2 - Scan them fast with your eyes, instantly getting an idea of the themes and styles of each picture in a fraction of second. Open a few to get a better view.
3 - After about five minutes of work, enjoy your good picture.
4 - Rinse and repeat, each loop reinforcing your feeling that pictures are awesome and making you more hooked.

How to find 1 "good" story in 1000 "meh" others:
1 - Open pages of, at best, keywords.
2 - Spend a long while reading them to get a very vague idea of what you might get. Open a lot of them to read more (it's where you miss the good one that wasn't tagged in details).
3 - After about five hours reading things you don't like, begrudgingly abandon without having found the good story.
4 - Rinse and repeat, each loop reinforcing your feeling that reading stories online is a huge and tedious waste of time and making you more "lazy".

Our main issue is not that our art is too good for the brainless masses while filthy unwashed illustrators get it fast and easy, it's that we lack tools to present our work so a reader can make informed choices about which texts he'll spend his time on.

It's unfortunately hard to solve. If you happen to write on a popular topic (ex: fanfiction of a popular show), you're lucky and might find a specialized site for you: the specialization means the good to meh ratio gets excellent for the readers and the total story count decreases, making the niche lovers' experience a lot better. The physical books world gets around the issue with filtering who gets published and with a well organized mesh of critics/advisors, but online we have the chance avoid the former and the misfortune to miss the later.


----------



## SkyeLansing (Sep 11, 2014)

NilFur makes a good point, but also touches on one of the bigger problems modern authors are having to deal with. It isn't specific to the fandom.

If you follow any author circles these days one of the major topics touched upon is building a fan base. These days authors are increasingly holding down 2 jobs with their writing: the actual writing itself and promoting their own work. It is to the point that many major publishers want to see their authors have things like regularly updated blogs and a certain number of twitter followers before they'll release a book. Realistically building and maintaining a fan base becomes the primary focus of the author beyond their writing.
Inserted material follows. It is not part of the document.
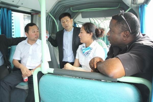 6月7日,由加納共和國(guó)地方政府和農(nóng)村發(fā)展部副部長(zhǎng)Elvis Afriyie Ankrah率領(lǐng)的代表團(tuán)來(lái)??疾煳沂泄话l(fā)展情況。代表團(tuán)一行參觀了快速公交調(diào)度指揮中心,考察了巴士公司修理廠,并乘坐體驗(yàn)了快速公交。公司副總經(jīng)理朱向軍陪同考察。

It is also quite time consuming because in order to really work this also means you need to interact with the fanbase, which means responding to some of the comments and tweets you get. This is also why the growing indy author scene often does stuff like releasing a free novella (or making their first book free). Any lost income from letting that work go out for free is generally more than made up by any new fans it generates.

That said, this is a very poor platform for an author to build a fan base. If you find people who like your writing they'll stick around... but only if you regularly release content that they decide is worth their time to watch. The added problem is that FA is very clearly built with pictures in mind. Which means the majority users visiting the site do so with the intention of looking at pictures. A user that is here to see images isn't likely to look for writing.

There are some things you can do to help boost exposure though.
-Write a story to go along with an artist's picture. Be sure to get permission first, but if you get it many artists will link to your story in the image. This is a great way to get some readers who usually only come to look at artwork.
-Update regularly, as already said. Try to keep most of it writing or writing involved. A very short 500 word story or a journal entry giving updates on your latest project or discussing some topic you think others will find interesting.
-Collaboration! Similar to my first point, but if you have other writer friends try and collaborate on a project in such a way that you can share viewers. Or maybe you know an artist who wants to do a comic but feels like they aren't good at building a story.
-General interaction. The forums are one area, but commenting on other's work also helps. In all honesty it isn't going to give you immediate exposure, but it may make you some friends which can become exposure if they get interested in what you are up to and like it.

All that said, it isn't at all easy.


----------



## BadRoy (Dec 7, 2014)

SkyeLansing nailed it. A lot of the writing, at least on FA, is barely read-able. Very bad. like what even is grammar.  

Also! With art if you see a bad piece you just blow by it and see a great one further down the page. But with a story you have to download the story (because most don't know how to format the text so it will show on FA), and then read it to determine if it is any good. There's more of a time investment.


----------



## Fallowfox (Dec 7, 2014)

Is it not 'we' writers?


----------